Speakers Biographies:

Dr Rob Faure Walker has recently completed a PhD thesis at UCL Institute of Education. His work investigates the emergence of ‘extremism’ and ‘radicalisation’ in political discourse and theorises that this new policy focus has the capacity to promote rather than prevent violence. He has also worked as a secondary school teacher in London for over a decade and it was in this capacity that he first saw that ‘chilling effect’; of Prevent in the classroom. Since 2017 he has been running the Prevent Digest website and newsletter.

Dr Layla Hadj is managing Director of CAGE, an independent, grassroots organisation who campaign against discriminatory state policies and advocate for due process and the rule of law, empowering communities through educational workshops, community events and informative seminars.

Dr Tarek Younis is cultural psychologist with a PhD/PsyD in Clinical Psychology. He is an Honorary Research Associate at University College London. His British Academy postdoctoral fellowship explored the racialization of statutory counter- terrorism policies in the NHS, and its impact on British Muslim mental health access. Otherwise his research interests revolve around the cultural and political dimensions of mental health (theory and intervention) at the intersection of cultural psychology and medical sociology. He teaches on the impact of culture, religion, globalization and policy changes on psychological interventions.
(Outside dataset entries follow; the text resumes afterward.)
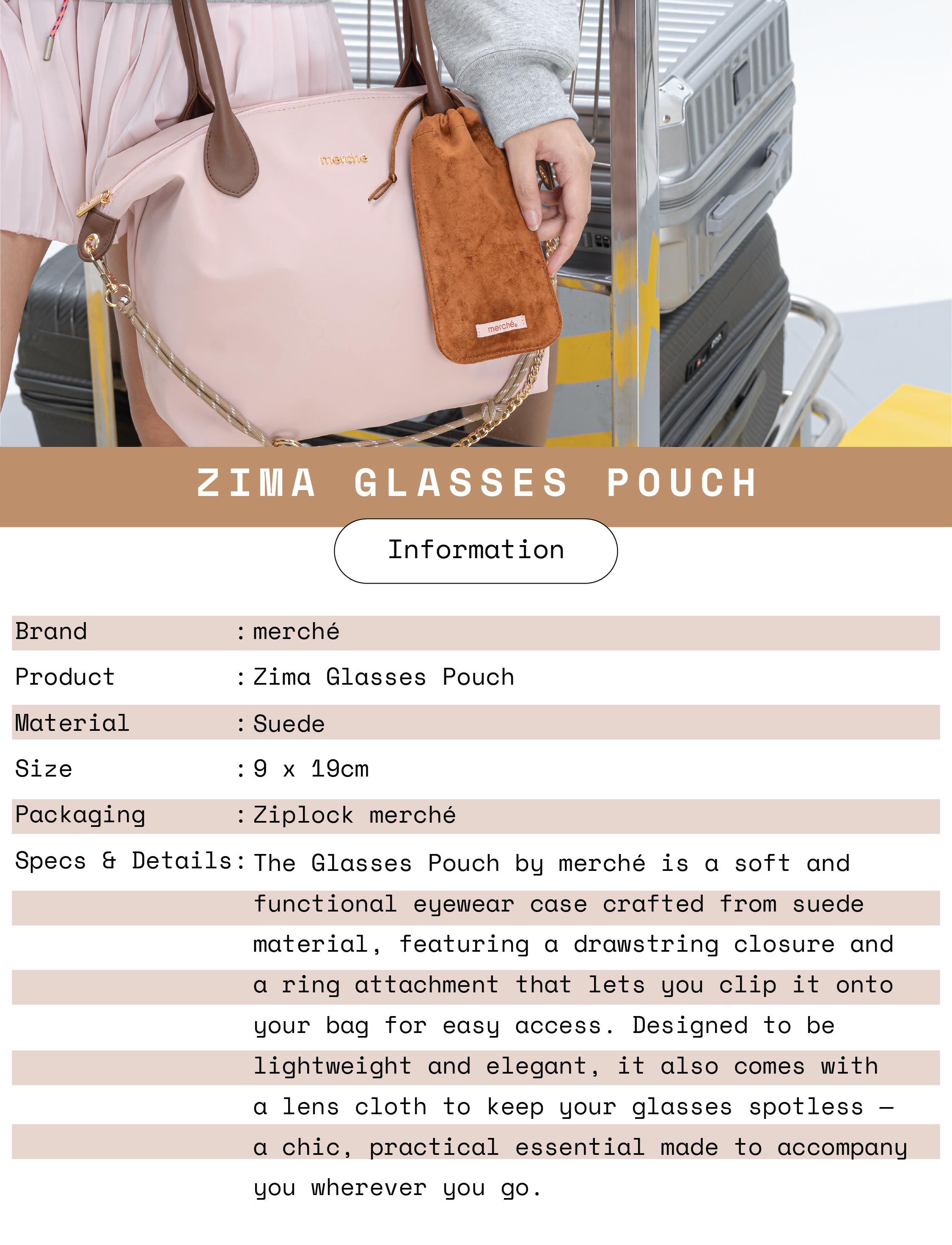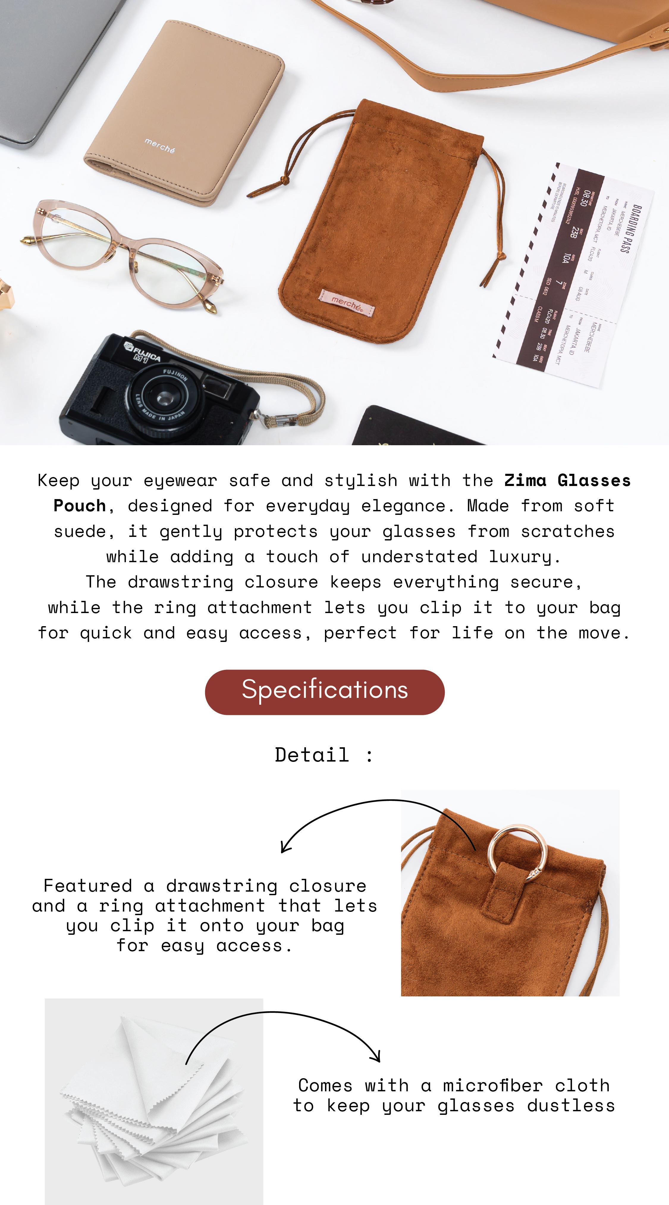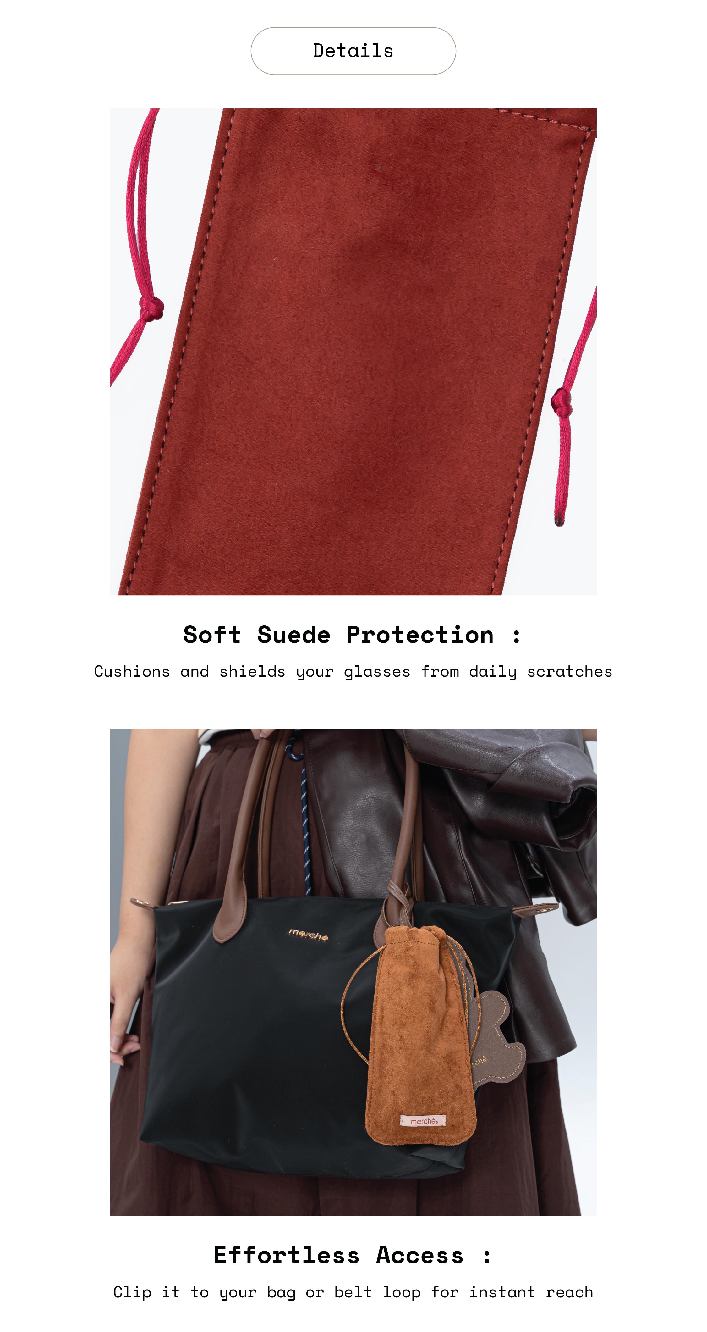 Keep your eyewear safe and stylish with the Zima Glasses Pouch, designed for everyday elegance. Made from soft suede, it gently protects your glasses from scratches while adding a touch of understated luxury. The drawstring closure keeps everything secure, while the ring attachment lets you clip it to your bag for quick and easy access, perfect for life on the move.
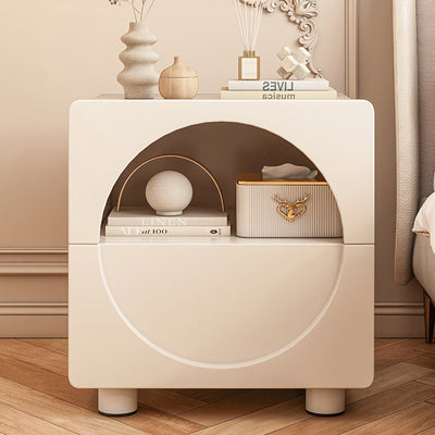 Modern Minimalist Rounded-Edge Round MDF Nightstand 2-Tier For Bedroom
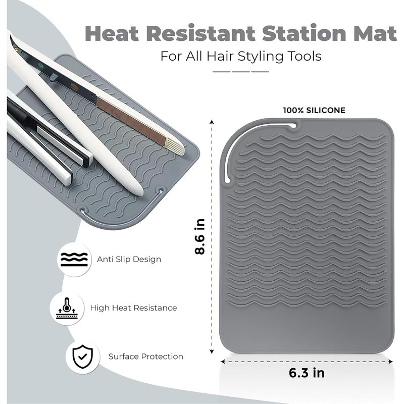 - Heat Resistant Mat - Protect your surfaces from burns, scalding and other damage with our heat-resistant mat. Our mat is made from the highest quality silicone and is designed to hold hot styling tools, flat irons, and curling irons, keeping your surfaces safe while keeping your tools within reach.

Navine G. Khan-Dossos is a visual artist based in Athens.
Her interests include Orientalism in the digital realm, geometry as information and decoration, image calibration, and aniconism in contemporary culture. She has developed a form of geometric abstraction that merges the traditional Aniconism of Islamic art with the algorithmic nature of the interconnected world we live in. This is not the formal abstraction we understand from the western history of art, but something essentially informational, and committed to investigation and communication. Khan-Dossos is a painter, and uses this medium and its history to ask fundamental questions about the ways in which we see, understand, and represent the world around us. Her work often responds to a sense of place, and increasingly takes the form of murals and site-specific installations.